_SUPPLIED INFORMATION_:
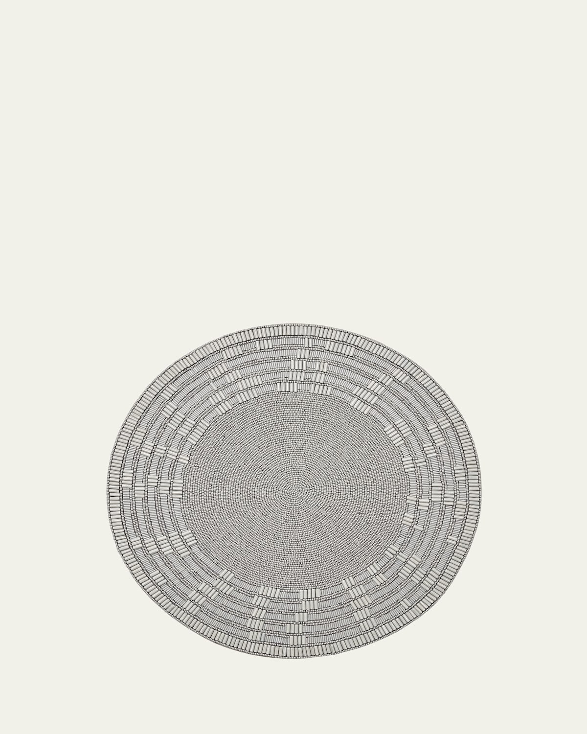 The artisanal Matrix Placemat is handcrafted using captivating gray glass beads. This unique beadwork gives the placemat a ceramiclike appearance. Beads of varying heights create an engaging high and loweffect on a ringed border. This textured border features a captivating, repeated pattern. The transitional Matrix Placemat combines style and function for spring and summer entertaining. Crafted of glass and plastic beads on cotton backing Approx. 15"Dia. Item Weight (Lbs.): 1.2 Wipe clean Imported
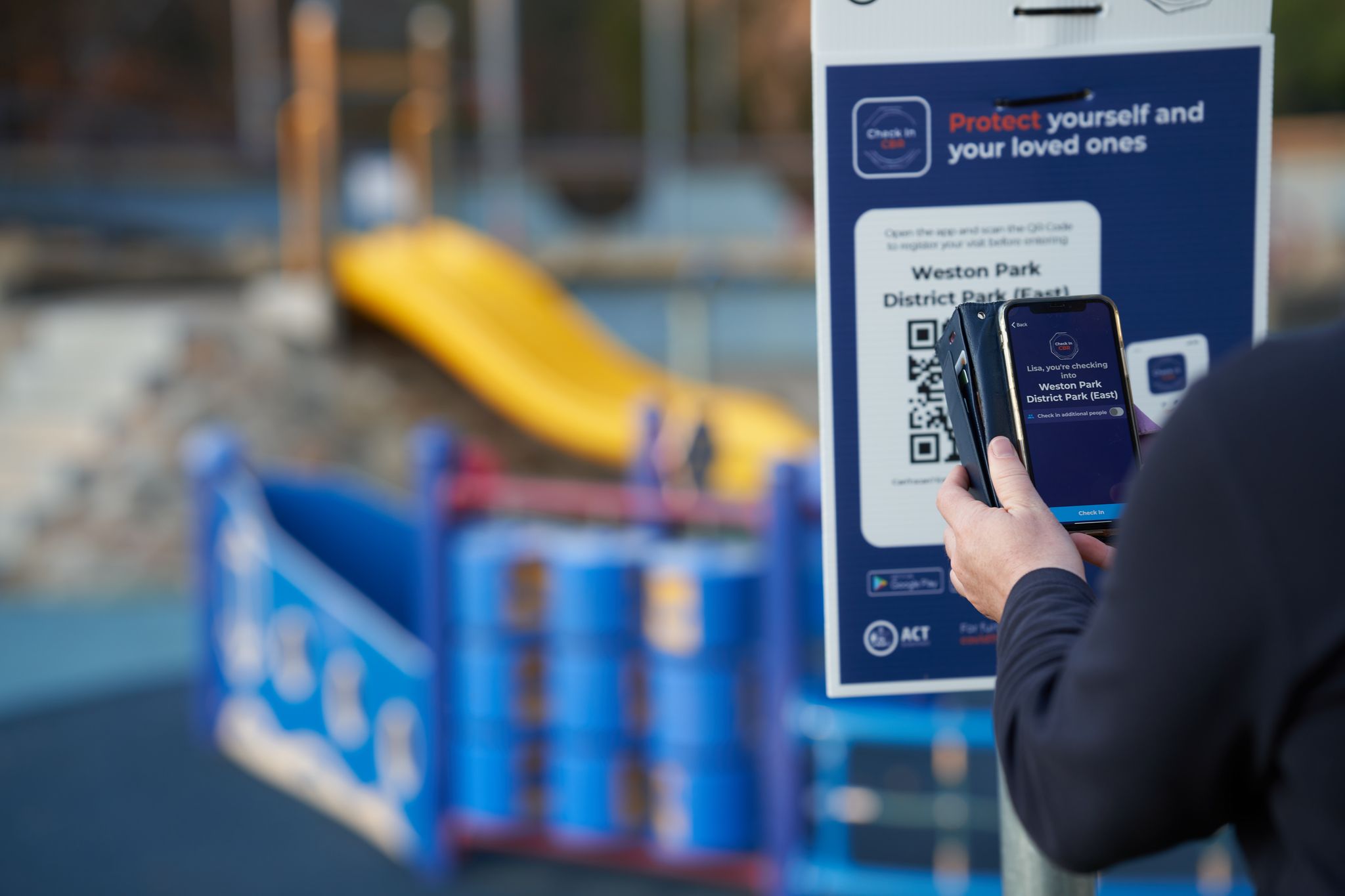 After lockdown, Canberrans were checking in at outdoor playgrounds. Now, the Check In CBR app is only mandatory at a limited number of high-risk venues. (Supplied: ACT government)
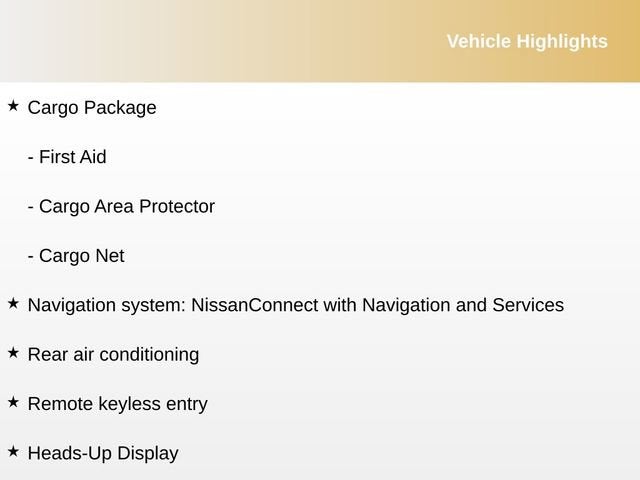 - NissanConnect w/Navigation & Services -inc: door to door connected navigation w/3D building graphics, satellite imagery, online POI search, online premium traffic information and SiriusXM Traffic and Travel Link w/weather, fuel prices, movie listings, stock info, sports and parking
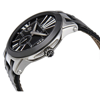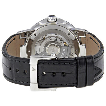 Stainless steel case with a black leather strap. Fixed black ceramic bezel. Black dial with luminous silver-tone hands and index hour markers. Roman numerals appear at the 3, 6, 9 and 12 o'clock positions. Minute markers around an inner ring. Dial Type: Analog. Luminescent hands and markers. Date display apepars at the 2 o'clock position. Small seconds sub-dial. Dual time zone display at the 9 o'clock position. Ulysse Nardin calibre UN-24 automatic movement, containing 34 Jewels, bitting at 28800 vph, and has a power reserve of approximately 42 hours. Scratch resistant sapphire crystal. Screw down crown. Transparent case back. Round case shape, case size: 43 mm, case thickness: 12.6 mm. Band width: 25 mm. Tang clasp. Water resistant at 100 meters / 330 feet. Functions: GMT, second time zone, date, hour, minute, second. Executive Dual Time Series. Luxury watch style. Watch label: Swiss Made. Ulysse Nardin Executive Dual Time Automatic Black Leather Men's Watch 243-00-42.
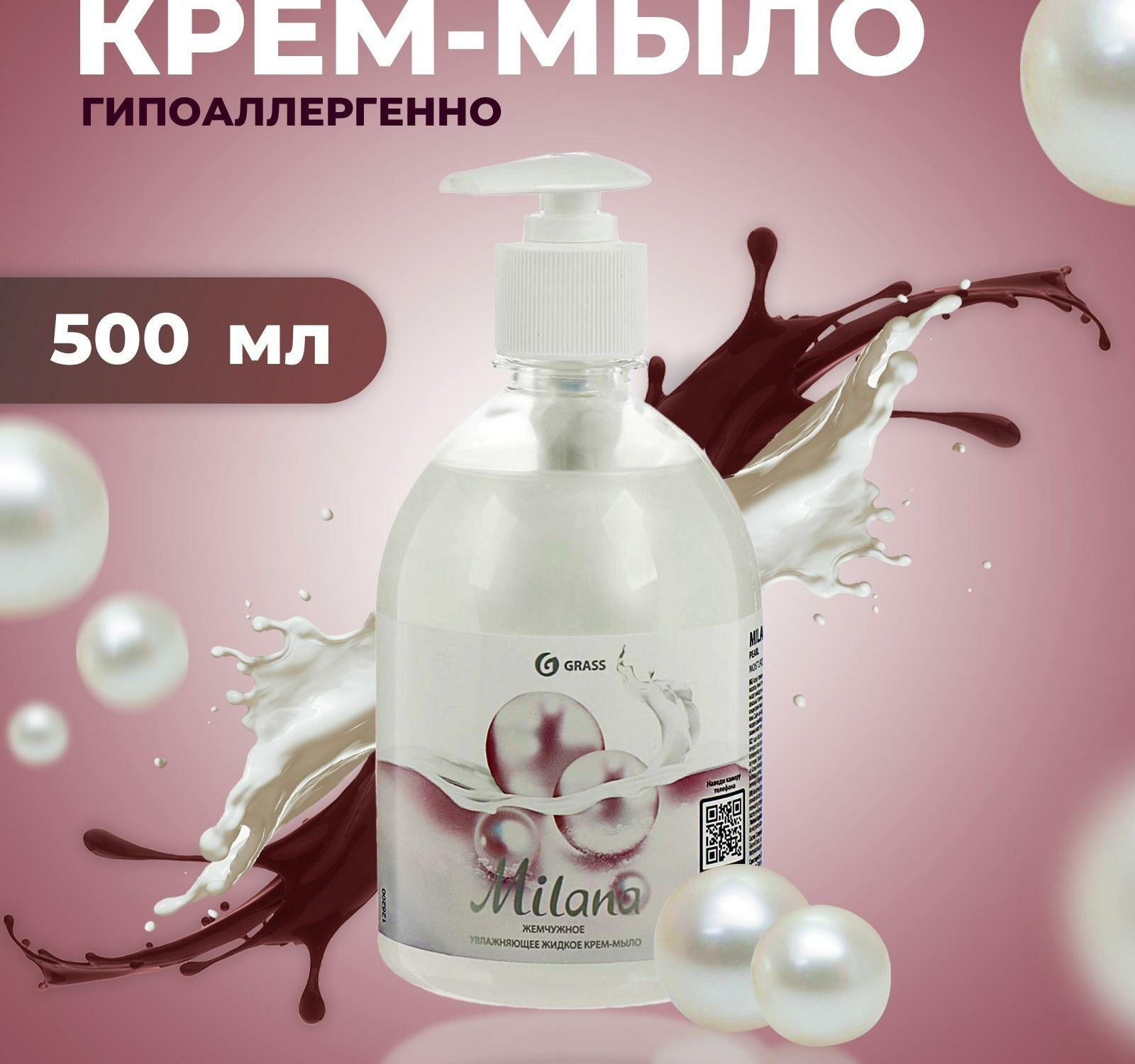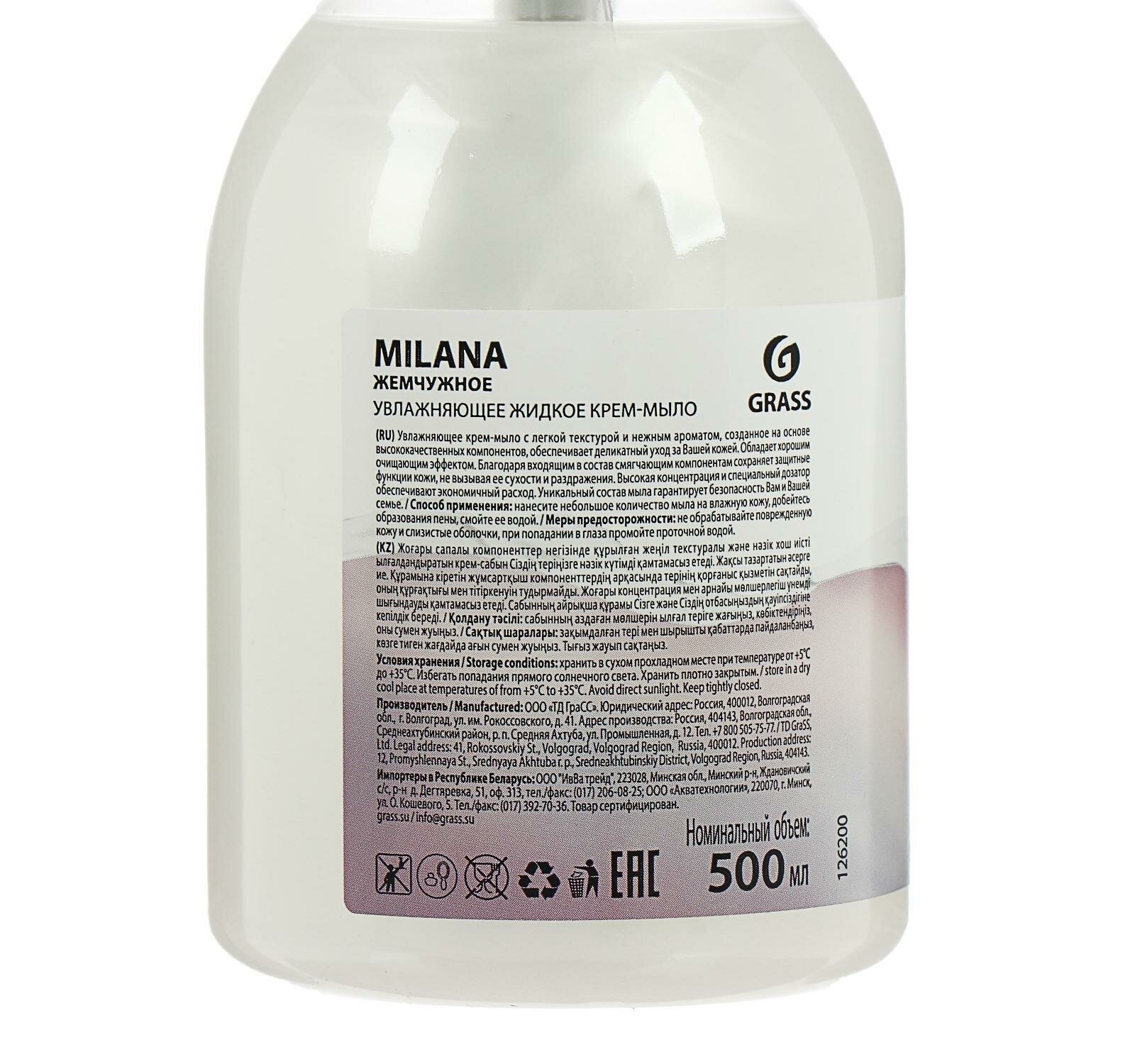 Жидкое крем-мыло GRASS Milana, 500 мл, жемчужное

_WHAT IS EXPECTED_: Your answer must be everything above from the line with "After lockdown, Canberrans" down to the line with "- NissanConnect w/Navigation", word for word, and no pictures.

_SOLVED PROBLEM_:
 After lockdown, Canberrans were checking in at outdoor playgrounds. Now, the Check In CBR app is only mandatory at a limited number of high-risk venues. (Supplied: ACT government)
 - NissanConnect w/Navigation & Services -inc: door to door connected navigation w/3D building graphics, satellite imagery, online POI search, online premium traffic information and SiriusXM Traffic and Travel Link w/weather, fuel prices, movie listings, stock info, sports and parking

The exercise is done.